The C1 server which I was able to start the operating system with, was part of a bigger device. You could not use it without other devices. Either you plugged it into a “test bench” which you used to be able to test and develop the device or you plugged it in another set of hardware. That specific hardware was actually what made it very interesting. The small credit sized C1 device was fitted on another board with 18 other devices like it. We called that board a blade because of the way it slid in an ACTA chassis. It was almost like Matryoshka dolls. The chassis had been chosen because the company belonged to Iliad. One of the sister companies was Free, a major European telecommunication operator, and they also used this chassis for their custom hardware.
C1 blade and C1 chassis. Not a sword but for sure a box
All told, in a single rack, we filled close to a thousand physical servers. You had three chassis, each with sixteen blades, each with nineteen servers. A grand total of 912 servers. In 2013, the maximum you could fit in a single 42U rack with publicly available hardware was about 405 physical servers using HP Moonshot 1500. Not only was it at least a twofold increase in the number of servers, it would use significantly less electricity as well. One full rack of C1 servers would use less than one full HP Moonshot chassis. You could really sense the nascent soft power of ARM devices.
I remember being in the server room of the laboratory and seeing all these LEDs blink. Each pair of lights was a server. Not a very powerful one but still an individual physical server. The amazing thing was that with just the hardware in that room, it surpassed the total number of servers I had seen in my life. I had been in data centers already but this one chassis replaced a dozen racks. It was truly amazing.
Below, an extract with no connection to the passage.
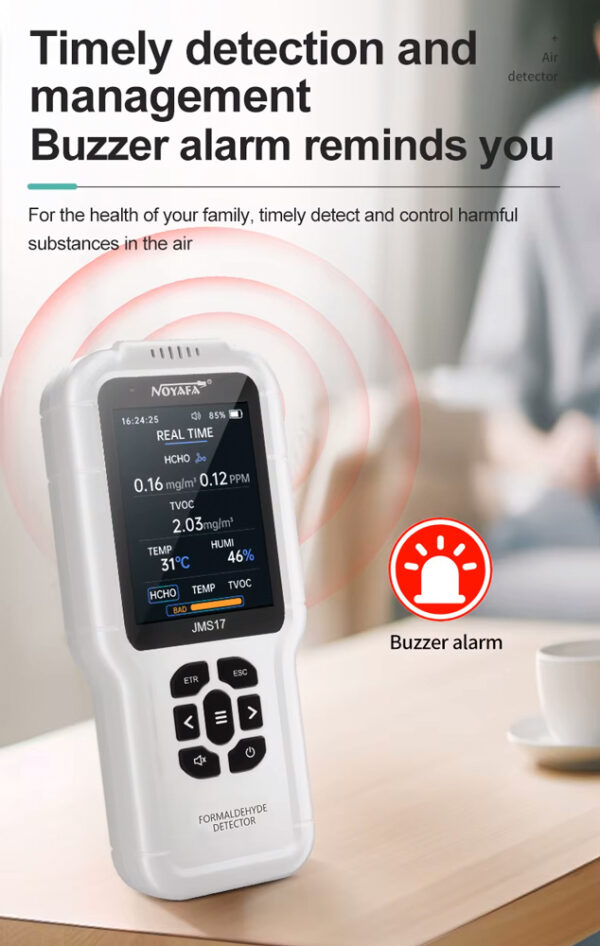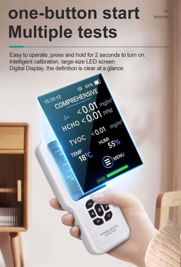 -Real-time measurement: HCHO (mg/m3 PPM), TVOC (mg/m3), temperature (°C) and humidity (%)

My tasks at the time were doing the last qualifications tests of the whole assembled system. Each part had been tested individually, now everything needed to be tested together. It was a lot of manipulation work such as seating the devices, sliding the blades in or out. Checking internal values in the firmware, operating system or software. Checking that the LEDs blinked according to those states.
One of the memorable moments was when I was testing a feature to get the individual output of a C1 device. I slid the blade in, turned on the device and configured the chassis to forward the output. Nothing happened. No output for eighteen devices. I double checked the internal states, then I turned to the firmware software. I used an internal feature to check some data. There was an unexpected value. Not knowing what to do I asked Gregoire.
He fired up the electronic design automation (EDA) tool. Directly zoomed in to a specific place on the board and followed on a particular copper trace. The screen displayed different colors and lines as he moved through the design. He found the error, the bug was a trace in a middle layer of the PCB.
He took one of the blades, compared the locations to the screen, then told me that was going to do a “hardware patch”. He took out a cutter and chose carefully the location and started scratching the PCB until he hit the trace to cut it. He handed it back to me, I plugged it and this time it worked. I was dumbfounded. This was magic to me. Little did I know that over the next months and years, this would become routine for me. In the meantime, it was such an eye opener. I could feel I was going to really enjoy working in the lab.
Have you had a situation where a seemingly unrelated action fixes your problem? How do you connect the dots afterwards?